Question: How To Control Wgsim Base Qualities?
Pascal


I'm trying to make GATK UnifiedGenotyper to detect indels inserted by wgsim short reads simulator.

Broad employees just informed me that indels are not called because wgsim creates reads of Q17 and everything below 20 is thrown away.

I checked the fastq files, and indeed, all qualities are "2" which is if I understood well the ASCII translation corresponds to 17.

Is there a way to make wgsim output reads with a configurable base quality?

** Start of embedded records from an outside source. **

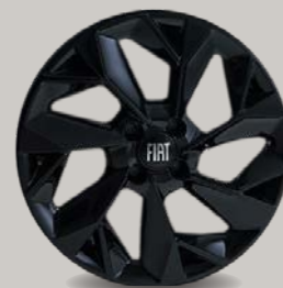
18" kola z lehkých slitin Sport v černém provedení (CW5, Sport)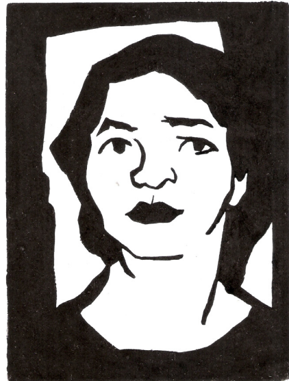
Rosa Aragone Una mujer, 1954, xilografía, colección particular.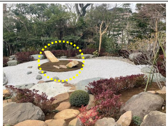
月星紋をモチーフとした石組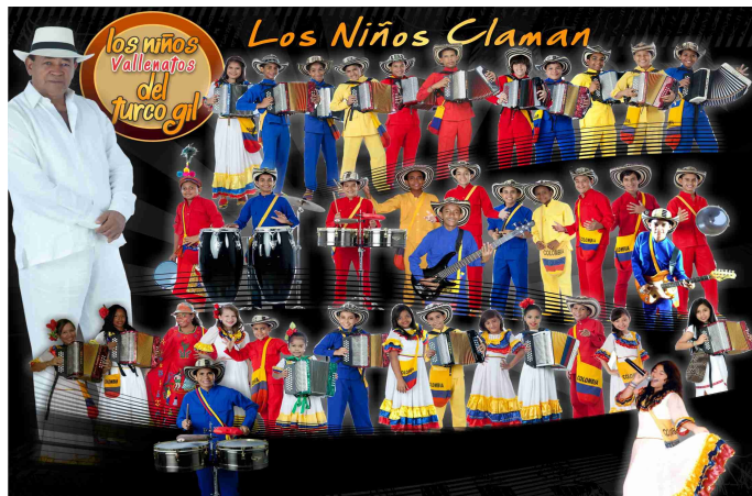
2012 – Los niños claman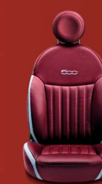
POP - LOUNGE (OPCIÓ) 688 Burgundy Frau bőrkárpit elefántcsontszín betétekkel. Burgundy bőr fejtámla kontrasztos, himzett kék 500-as logóval.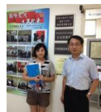
台灣國際教育協會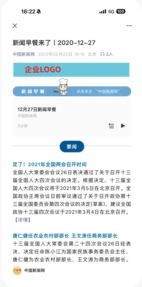
中国新闻社 官方微信 首页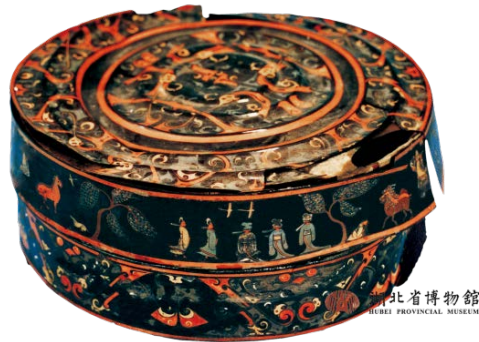
Figure 1. Painted figures, carriages and boxes from Chu Tombs in Jingmen, Hubei Province

I thought that a trick could be to replace these "2222...2" strings by somthing like "????...?" Or is there a more elegant way to proceed?


gatk fastq
written 5.4 years ago by Pascal
Istvan Albert
Istvan Albert

You could use the following awk script to change your 2s to Is:

awk ' /222222222/ { gsub("2", "I"); print $0; next } { print } '
written 5.4 years ago by Istvan Albert

Double thanks! I will try both.

written 5.4 years ago by Pascal

Wait a minute: I actually used the wgsim available at and this produces only "2" qualities ?!

written 5.4 years ago by Pascal

my mistake - I have a file like that I thought I generated it with wgsim - you are correct it does put in 2s. I will correct the answer

written 5.4 years ago by Istvan Albert

No problem. Thanks for answering. I just awked my fastq files with your file and it is doing alignment now :->... I think I will move to MAQ as it looks it offers more control. Cheers.

written 5.4 years ago by Pascal
jeff.hammerbacher

I forked wgsim and made the quality score configurable using the -Q command line argument. I've made I the default value for the quality score (Phred quality score of 40). Feel free to use my fork at to alleviate the need for the post-processing step with awk.

Previously the quality score was scaled with the error rate, so that as the error rate went up, the quality score went down. The precise formula used is (-10.0 * log(ERR_RATE) / log(10.0) + 0.499) + 33 (see Because ERR_RATE is set to 0.02 by default, the quality score comes out to (-10.0 * log(0.02) / log(10.0) + 0.499) + 33 = 50.4887..., which is encoded using the character 2, which has the ASCII character 50.

written 4.0 years ago by jeff.hammerbacher